In an example embodiment, the dataflow graph, e.g., 704a or 704b, may include at least one output node, e.g., output node 1074d (FIG. 10), 1174e (FIG. 11), 1674e-f (FIG. 16), or 1774i-j (FIG. 17). The system 710 may store, based on an output node of the at least one output node, e.g., 1074d, 1174e, 1674e-f, or 1774i-j of FIGS. 10, 11, 16, and 17, respectively, at least one data block to a datastore, e.g., 706 of FIG. 7. The storing may include implementing a write protocol corresponding to the datastore.

According to another example embodiment and with reference to FIGS. 7, 10, 11, 14, and 16-20, the system 710 may spawn at least one task corresponding to at least one of: (i) the at least one compute node, e.g., 1674b-d, 1774c-h, or 1974, (ii) at least one input node, e.g., 1074a, 1174a-b, 1674a, or 1774a-b, of the dataflow graph, e.g., 704a or 704b, (iii) at least one output node, e.g., 1074d, 1174e, 1674e-f, or 1774i-j, of the dataflow graph, e.g., 704a or 704b, and (iv) at least one edge, e.g., 1696a-f, 1796a-h, 1896, 2096a1-6, or 2096b1-6, associated with the dataflow graph, e.g., 704a or 704b. A task of the at least one task spawned may include a thread corresponding to the compute node, e.g., 1674b-d, 1774c-h, or 1974. The system 710 may execute the set of VM instructions, e.g., 1076a1-3, 1076b1-3, 1176a1-3, 1176b1-3, 1476a-n, or 2076a-n, via the thread. The system 710 may monitor execution of a task of the at least one task spawned.

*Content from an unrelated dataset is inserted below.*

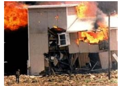
David Koresh's Church Waco, Texas, 1993 79 dead.

This is why religions have been the source of so much suffering in human history — religion isolates people while explaining this is a good thing. Non-believers should not be respected, they should be converted (or killed). As a result, the very best thing that can happen to you in a church is — nothing. The worst? You might be invited to partake of a cyanide-laced sacrament. Even worse, you might do it willingly.

Further, according to another example embodiment, the system 710 may adapt the set of VM instructions, e.g., 1076a1-3, 1076b1-3, 1176a1-3, 1176b1-3, 1476a-n, or 2076a-n, based on at least one statistic associated with the at least a portion of the computation workload. A statistic of the least one statistic may include a runtime statistical distribution of data values in a data source, e.g., 706, associated with the user data query 702. The adapting may be responsive to identifying a mismatch between the runtime statistical distribution of the data values and an estimated statistical distribution of the data values. The adapting may include at least one of: (i) reordering at least two VM instructions of the set of VM instructions, e.g., 1076a1-3, 1076b1-3, 1176a1-3, 1176b1-3, 1476a-n, or 2076a-n, (ii) removing at least one VM instruction from the set of VM instructions, e.g., 1076a1-3, 1076b1-3, 1176a1-3, 1176b1-3, 1476a-n, or 2076a-n, (iii) adding at least one VM instruction to the set of VM instructions, e.g., 1076a1-3, 1076b1-3, 1176a1-3, 1176b1-3, 1476a-n, or 2076a-n, and (iv) modifying at least one VM instruction of the set of VM instructions, e.g., 1076a1-3, 1076b1-3, 1176a1-3, 1176b1-3, 1476a-n, or 2076a-n.

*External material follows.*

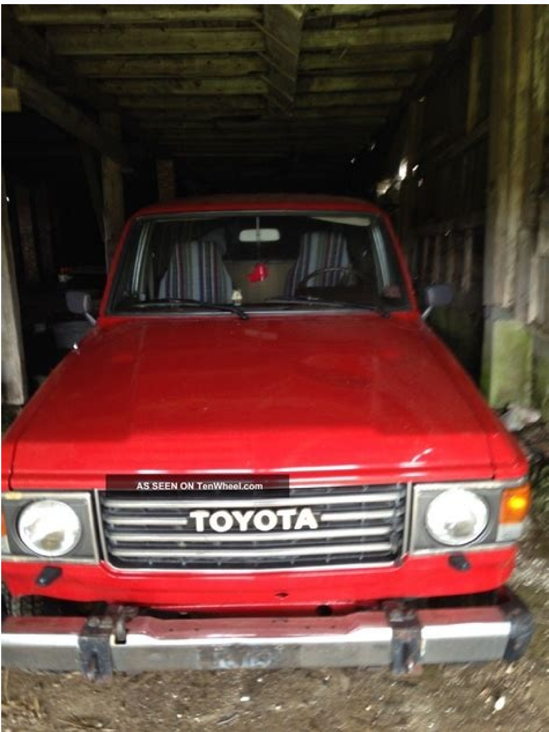
2013 land cruiser features. 2013 land cruiser oil capacity. 2013 toyota land cruiser owners manual pdf. 2013 land cruiser specs.

According to an example embodiment, the system 710 may generate, based on the dataflow graph, e.g., 704a or 704b, a plurality of dataflow subgraphs. The method may further comprise configuring at least two dataflow subgraphs of the plurality of dataflow subgraphs to, when executed via the VM, e.g., 130, perform a data movement operation, in parallel. The VM, e.g., 130, may be a first VM. The data movement operation may include at least one of: (i) streaming data from a data source, e.g., 706, associated with the user data query 702 and (ii) transferring data to or from a second VM.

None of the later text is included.